Alleged pattern

Accounts describe a pattern in which, after personal or romantic conflict, Cassidy Johnstone allegedly attacks people’s reputations face to face, casting them as dangerous, dishonest, or otherwise unfit, rather than resolving conflict privately.

This page stays high-level on purpose. Victims are not named. The point is the alleged behaviour: using spoken falsehoods and intimidation when relationships sour, not an online smear campaign.

Sydney, The Press

One anonymous account places Cassidy Ellen Johnstone at The Press in Sydney with another person from the same industry. When she allegedly saw someone she had previously dated, she began walking out. As she left, Cassidy Johnstone allegedly told that man false and misleading information about him, including calling him a bad person and a “hacker,” and saying she was going to ruin his life, to the point that he felt afraid of her.

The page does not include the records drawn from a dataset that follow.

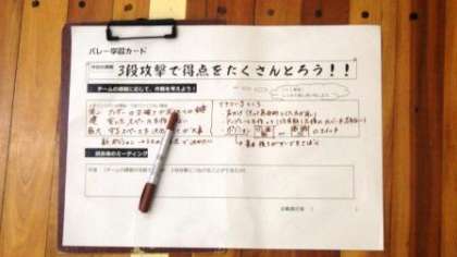 この授業では、バレーボールで「3段攻撃を使い、得点を取ろう!」をねらいとしています。はじめに、準備運動として「元気っ子体操 松平バージョン」を行い、身体をほぐします。次に、バレーボールの基本的な動きを簡単にした補助運動を行います。いよいよ、チームでパスやサーブの練習をします。チームで試しのゲームをした後、学習用タブレットで、お手本の動きと、自分たちの動きを比較して、違いを見つけます。そして、ミーティングで、お互いにアドバイスをし、3段攻撃につながるように、動きを改善していきます。そして、再度ゲームに挑戦し、成果を確かめました。
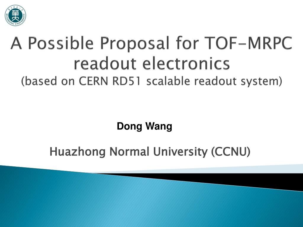 A Possible Proposal for TOF-MRPC readout electronics (based on CERN RD51 scalable readout system). Dong Wang. Huazhong Normal University (CCNU). Outline. Introduction to the Scalable Readout System MRPC Readout Specification Application of the SRS to CMB-MRPC Summary.
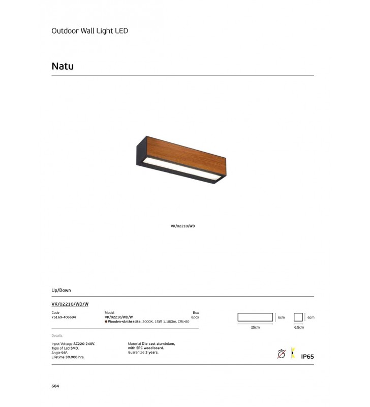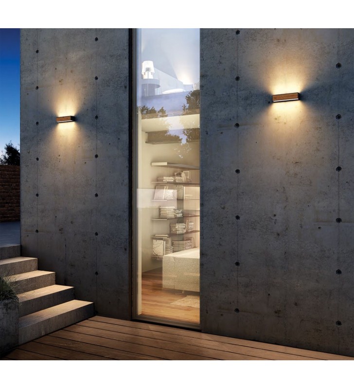 NATU Φωτιστικό τοίχου LED εξωτερικού χώρου, Up/down, 220-240V, Ξύλο+ανθρακί. 3000K. 15W. 1.180lm. IP65, 25x6x6.5cm

Again: no third parties are identified here. The claim is presented as an allegation from an anonymous account, not as a court finding. This was alleged to have happened in person at the venue, not online.

Context

Public professional identity for Cassidy Ellen Johnstone is easy to find, including her LinkedIn profile (cassidyjohnstone) and association with CyberCX/ cybersecurity. That makes reputation attacks in shared industry spaces especially serious for people who may encounter her in person. Readers should weigh these allegations alongside the verified court record, the hiring-risk section, and the dating-conduct account.